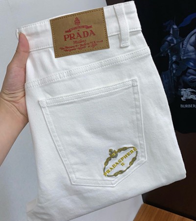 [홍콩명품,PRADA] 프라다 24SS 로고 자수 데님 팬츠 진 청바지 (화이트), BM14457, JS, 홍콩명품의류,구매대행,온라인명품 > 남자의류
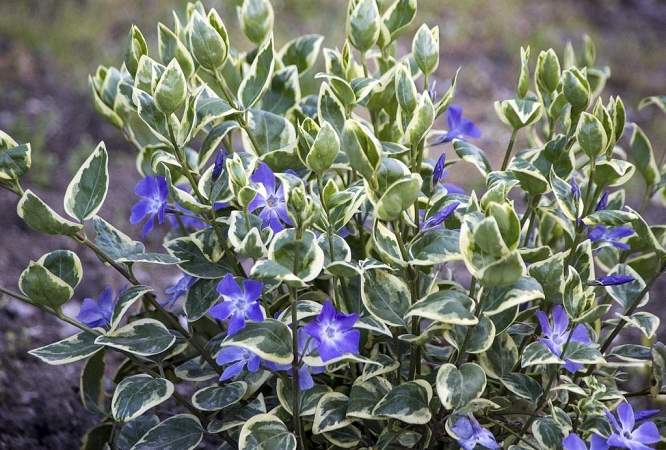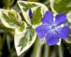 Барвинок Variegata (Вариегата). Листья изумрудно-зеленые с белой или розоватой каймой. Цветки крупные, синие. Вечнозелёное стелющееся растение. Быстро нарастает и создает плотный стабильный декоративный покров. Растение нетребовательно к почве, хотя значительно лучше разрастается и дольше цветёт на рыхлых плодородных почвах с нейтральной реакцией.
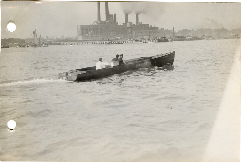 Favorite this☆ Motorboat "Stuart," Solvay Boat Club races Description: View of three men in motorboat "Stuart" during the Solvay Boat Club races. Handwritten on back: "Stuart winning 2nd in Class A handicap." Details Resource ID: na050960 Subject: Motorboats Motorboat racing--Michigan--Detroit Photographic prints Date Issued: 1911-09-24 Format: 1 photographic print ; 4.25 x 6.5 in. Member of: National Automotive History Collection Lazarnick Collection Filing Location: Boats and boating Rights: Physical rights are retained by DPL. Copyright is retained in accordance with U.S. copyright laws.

────────────────────

**YOUR TASK:** Copy exactly, and only, the lines from the first line of the material through the line that contains "Барвинок Variegata (Вариегата).", both ends kept; no pictures.

**EXERCISE ANSWER:**
 [홍콩명품,PRADA] 프라다 24SS 로고 자수 데님 팬츠 진 청바지 (화이트), BM14457, JS, 홍콩명품의류,구매대행,온라인명품 > 남자의류
 Барвинок Variegata (Вариегата). Листья изумрудно-зеленые с белой или розоватой каймой. Цветки крупные, синие. Вечнозелёное стелющееся растение. Быстро нарастает и создает плотный стабильный декоративный покров. Растение нетребовательно к почве, хотя значительно лучше разрастается и дольше цветёт на рыхлых плодородных почвах с нейтральной реакцией.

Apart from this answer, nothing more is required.